Password Auditing - A Word of Advice

Here is a piece of free advice:

Next time you decide to run a password audit against your company out of the goodness of your own heart to try and educate users or the organisation about password practices in the org, do yourself a favour: run as fast as you can face-first into a brick wall instead and remind yourself that this was less painful than convincing users to not do stupid things. Then ask yourself if you still want to proceed.

If the answer is still "yes", then consider taking this approach:

Only look for the truly daftest of passwords. Don't try and put any actual effort into guessing what users passwords are, because [spoiler alert] you will succeed. 

Two-factor is the only way to save the general populace from their own laziness / stupidity / ignorance / stubbornness. If someone wants their password to be "Jessica1987!", then maybe you should let them. At least it is not "Pa55word". Combine their shitty password with MFA and you are probably doing the best you can to protect your organisation, unless you work for the bank or government.

Even taking this simplified approach, be prepared for a world of pain while you try and find someone to take ownership of the several hundred or more accounts that no one remembers what they are for.

Happy hunting!

Password Cracking Top Tip!

Maintain your own wordlist of previously guessed passwords. In follow up audits, you can then use JTR rules against user's old passwords. You'll be amazed (or maybe not) at how many users that have been asked to change their passwords will think it's OK to simply put a "1" or yesterday's date at the end of their old password.

Rainbow Tables

I often see people talking about rainbow tables in lectures and seminars and just getting it wrong. If you have a dictionary of words and their precomputed hashes, then this is a hash lookup table, and there are plenty of free services that will allow you to check the hash that you have obtained against their database to see if it has been cracked before.

A rainbow table, on the other hand, consists of precomputed "chains" of hashes, where a reduction function is repeatedly performed on each output hash along the chain to create a new password candidate according to the desired length and complexity. Once a chain is complete, which is typically thousands of hashes long, only the start and end hash are stored in the rainbow table.

There are instructions online for generating your own rainbow tables or for downloading or purchasing precomputed rainbow tables. This effectively allows any password within a given character set and length to be cracked in a very short space of time, as long as it has not been salted, and as long as you have the storage available for your rainbow table.

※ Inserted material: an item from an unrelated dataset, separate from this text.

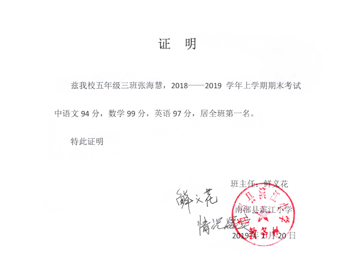 祝贺四川省南充市南部县张海慧同学考取班级第一名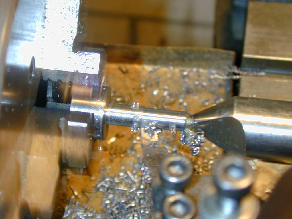 - The pin is formed by progressively taking 0.015" wide cuts from the OD down to a point where the "interrupted" cut noise just disappears. Continue until the crankwek is withing 0.01" of finished, then make longitudinal finishing cuts untile the pin is a firm sliding fit in the conrod (which is why we made the rod before the shaft). Finish to a free running fit in the same way you finished the crankshaft.

When you have a hash for which you wish to find the password, you begin by running the same reduction function on it repeatedly until you match the end hash for one of your chains. You then start the repeated reductions again from the start of that same chain until you find the hash that matches the one you wish to crack. At this point you have successfully guessed the password, if all has gone according to plan. Software such as rtgen will do all of this for you and it is much quicker than a standard brute force, and will take far less storage space than a complete hash table for a character set.

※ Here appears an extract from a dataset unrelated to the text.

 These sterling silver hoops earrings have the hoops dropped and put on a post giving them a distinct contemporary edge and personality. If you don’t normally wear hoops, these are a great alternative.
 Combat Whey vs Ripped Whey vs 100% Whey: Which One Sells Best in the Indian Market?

AD Password Auditing Workflow

I'll come back in the future and add more detail on some of the below steps and useful powershell and bash scripts that can help to reduce effort, and password dictionary resources. I like to use docker for the linux work as it provides a means to access a known state environment in seconds with all the correct tools installed.

For now, this is a high level overview:

1. Acquire your AD backup NTDS.dit, and SYSTEM file.
2. Remember to tidy up files as you go, leave no trail.
3. Extract the hashes using 2014 version of libesedb and latest esedbextract.py.
4. Filter the accounts and hashes to only show active user accounts that have not expired.

Once you have the list of accounts you want to crack, use John the Ripper:

1. For the worst offenders, just use the worst password lists freely downloadable from the net, in NT format, and no rules.
2. For slightly less bad offenders, use more wordlists such as rockyou from previous breaches.
3. For more offenders, use a dictionary containing company names and usernames, etc. and start adding rules.
4. For users who do at least make some effort to choose their own password, use a dictionary containing months, days, seasons, town names, countries, etc. with rules.

This should be as far as you need to go for a typical password audit. If you want to go further for companies with higher risk profiles or smaller risk appetites, then consider using one or more of the following methods:

1. Crack in LM mode and use the output passwords to create a new dictionary for NT mode
2. Larger dictionaries with harder rules
3. Incremental mode
4. Another tool such as rainbow tables.

A future post will go into the elegance of rainbow tables and try to explain in simple terms how neat this solution is, plus describe the pros and cons. Watch this space.

When your audit is over, run the list of passwords through pipal to report on password usage and trends in the organisation.